En décembre 2012, Rachid Madrane était encore député fédéral1. C’est lui qui a dirigé les discussions pour le groupe PS. Nous avons voulu revenir avec lui sur la proposition de loi et les discussions qui ont abouti à la réforme du Code de la nationalité. Avec un message du côté du PS qui en rappelle un autre: “Sans nous, ça aurait été pire…”
La Belgique disposait-elle d’un Code de nationalité trop libéral?
Avec les modifications apportées par la loi de 2000, on a effectivement facilité et assoupli les conditions d’accès à la nationalité. Mais je ne trouve pas qu’on ait été trop généreux. Si l’on tient compte de l’ensemble des procédures de la politique migratoire, il n’est pas juste de dire que la Belgique était plus laxiste que d’autres États européens. Il faut ouvrir les yeux: s’il y a eu autant de demandes de nationalité, c’est aussi parce que toutes les autres portes migratoires ont été cadenassées. En ce qui concerne les réformes de 2012, je n’étais pas contre l’idée de rationaliser parce qu’il y avait plus d’une douzaine de façons d’obtenir la nationalité. Ce point figurait d’ailleurs noir sur blanc dans l’accord de gouvernement.

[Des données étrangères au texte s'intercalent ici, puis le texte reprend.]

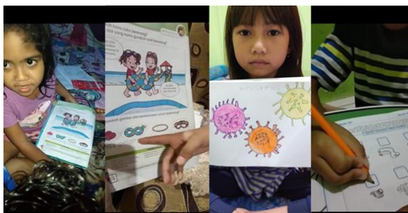
Figure 1. Documentation of children's learning outcomes sent via the Whatsapp application at TK Yapis V Perumnas I
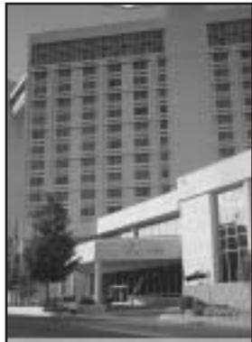
2007 Annual Meeting Hot Springs, Arkansas
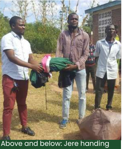
over clothes to survivors at the camp during the distribution exercise at Mbidi camp.

As the survivors of Cyclone Freddy strive to rebuild their lives and find strength amidst adversity, YONECO's continued mobilization of resources will undoubtedly play a pivotal role in supporting their recovery and helping them restore a sense of normalcy.
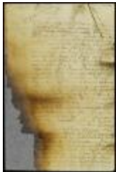
Letter from Ephraim Herman to capt. Brockholes (NYSA_A1879-78_V21_0144)
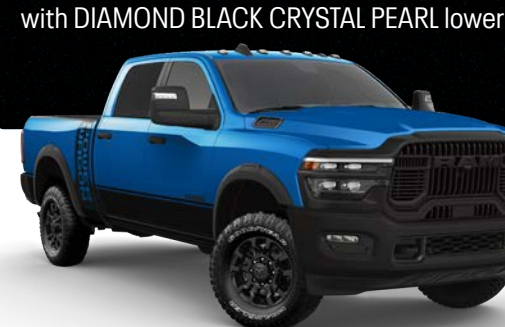
HYDRO BLUE PEARL (PBJ) Limited Availability
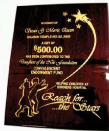
Reach For The Stars
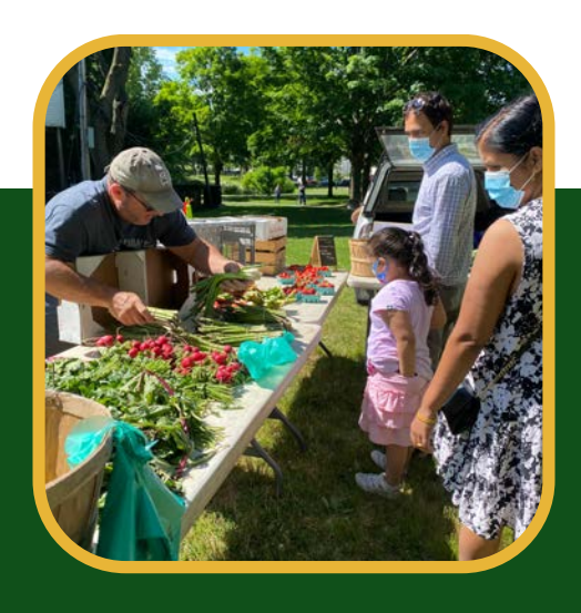
REC Standing and Mobile Farmers Markets

We support a network of over 70 community and school gardens and 600 gardeners across Worcester. Support includes seedling distribution, compost deliveries, garden signage and more.

Pouvait-on parler d’un nouveau canal migratoire comme on a pu le lire à l’époque?
Je ne pense pas que c’était devenu une nouvelle filière. Bien sûr, il y a eu des abus, je ne vais pas le nier. Mais plus sur les moyens qui donnent accès à la nationalité, comme les mariages blancs par exemple. À l’époque, on a un peu mélangé toutes les procédures. Ceci dit, un des éléments pour lequel je peux entendre la critique, intellectuellement, c’était la possibilité ouverte par la loi à un moment donné de devenir belge sans avoir jamais résidé sur le territoire. On a essayé d’influencer les discussions. Si vous aviez vu ce texte au départ, c’était pour nous le catalogue des horreurs.
À côté des abus, certains ont aussi pointé l’absence d’intégration des personnes qui demandaient la nationalité belge…

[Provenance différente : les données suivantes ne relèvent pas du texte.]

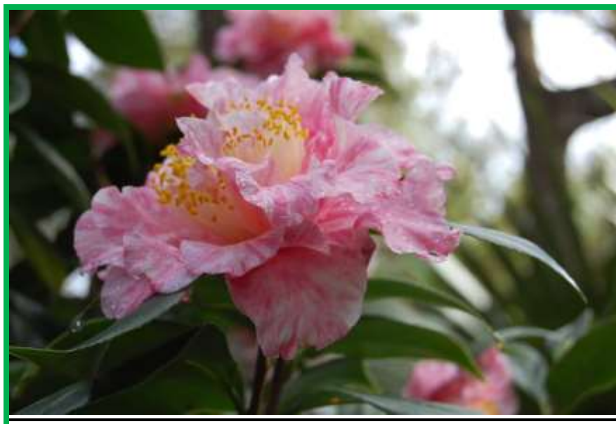
Camellia photo, courtesy of Jill Reed:

MONDAY, January 6- Farewell Breakfast in the Convention Center

Moi j’ai toujours entendu dire que la nationalité favorisait l’intégration. Mais il y avait vraiment deux visions idéologiques de l’intégration qui s’opposaient dans les débats: une vision progressiste de gauche – que je partage – qui dit qu’acquérir la nationalité permet de mieux s’intégrer parce que c’est le début de quelque chose et une vision conservatrice, disons de la droite, et qui était aussi la thèse du côté néerlandophone selon laquelle l’acquisition de la nationalité constitue le terme du processus d’intégration. Aujourd’hui, dans la société belge, l’acquisition de la nationalité semble être davantage voulue comme l’aboutissement de quelque chose et non plus comme le début d’un processus. Pour nous, la diversité est une richesse: plus il y a de gens différents qui embrassent la nationalité, mieux c’est. D’autres manifestement vivent ça comme un problème.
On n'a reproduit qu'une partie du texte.